Religious systems can also be seen as operating through a dual lens in the sense that most religions seek to address issues on the polar dimensions of human experience – especially those that pertain to the sources of creation and the possibility of life’s ultimate destination after physical disintegration. Such concerns form an integral and universal part of the human experience, and we have been exploring them since the first primordial images were cast upon the subterranean canvases of our prehistorical memory. However, the ways that we have addressed them has varied greatly throughout history, therefore, if we observe the manner by which a specific culture apprehends and transmits these primary concerns, we can discern a great deal about the nature of their experience in time.

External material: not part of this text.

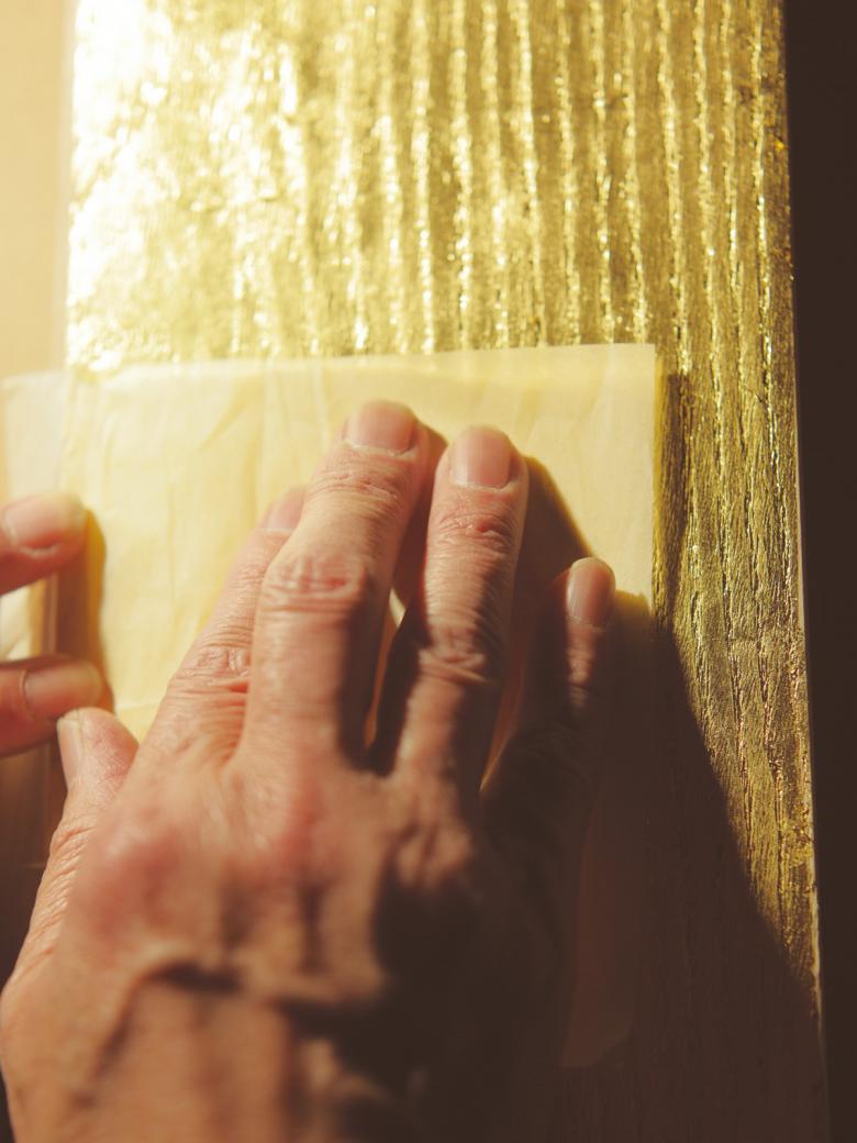 温もりある輝き。金沢と西陣、ふたつの箔の伝承技術とのコラボによる箔フローリング。匠たちが丹誠込めた伝統工芸を、足裏に感じられる幸せ。温もりのある輝き放つ箔フローリング。
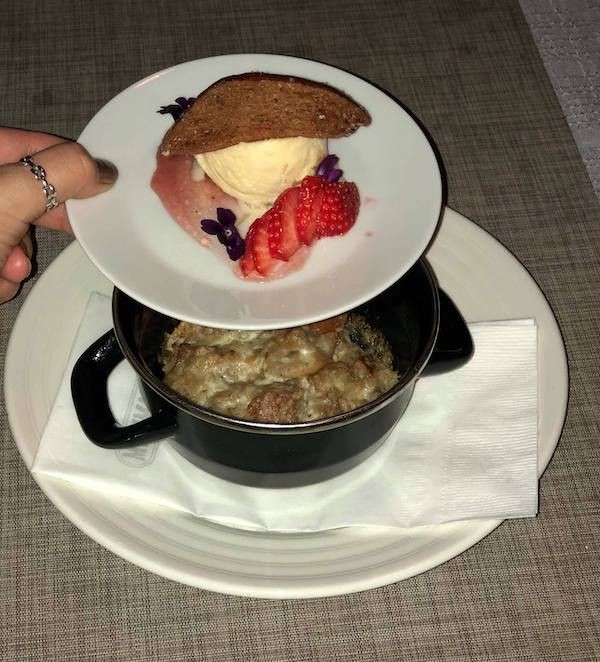 Ennen jälkiruokia meinasimme jo luovuttaa, mutta onneksi emme niin tehneet. Jälkkärit tulivat todella kauniissa ja yhtenäisissä esillepanoissa, joista pullavanukas tarjoiltiin hauskasti kahdessa kerroksessa.

Such an assessment, I feel, is highly pertinent to our current age in the early throes of the 21st century; since we are, in many respects, living through a period of civilisational transition. The widespread feelings of anxiety and uncertainty we feel today primarily stem from the fact that we are travelling between two points of historical integrity. One represents the image of a world already formed, and which is currently undergoing a process of disintegration; whereas the other represents the unstable image of a world still in the stages of becoming. Under this transitional tide, the binary forces of creation and destruction have saturated our cultural consciousness, festooning our days (and our dreams) with the dual residues of moribund decay and an intense yearning for other worlds.

As a consequence, we are surrounded by a culture of contrasts. On the one hand, we have become unconsciously fixated on death, which prompts us to feverishly manufacture solutions that speak to the phantasies of youth (Peur aeturnus) and immortality via a Faustian pact with robotics and artificial intelligence. However, we also find ourselves in a restless state of libidinal excitation – a ‘cyborgian’ decadence – facilitated in large part by the reality that culture creation has now gone open source, which enables millions to directly program the cultural architecture and engage in an endless alchemy with their social identity. These fixations are just a small part of the overall pattern that has come to characterise a world in flux.

In many respects, the West represents the ultimate thanatic civilisation. Since the dawn of modernity in the industrial revolution we find ourselves increasingly preferring the inanimate to the living. Technology has become the new metric by which we measure human advancement, and in our art we celebrate lifeless machines as heroes. 

In the most technologically sophisticated societies on earth, we also notice a marked decline in sexual activity, embraced by populations whose social strategy has deteriorated into an alienated senescence, with a remote, virtual style of interactivity compared to the intimate, authentic alternatives. 

Even seemingly positive developments such as the resurgent trend of environmentalist activism is pregnant with a death-like impetus. Whilst on surface appearances, its proponents advocate for the preservation of natural life against the perceived threat of destructive forces, these gestures belie, at their core, an unconscious infatuation with death – revealing itself through an apocalyptic narrative of global annihilation. We can also notice, in its most vociferous expressions, a nested misanthropy which imbues the paternal instinct to preserve and protect with a destructive vitalism – the apocalyptic phantasy energises the motivation towards organic prosperity via the sublimation of human life beneath all others.  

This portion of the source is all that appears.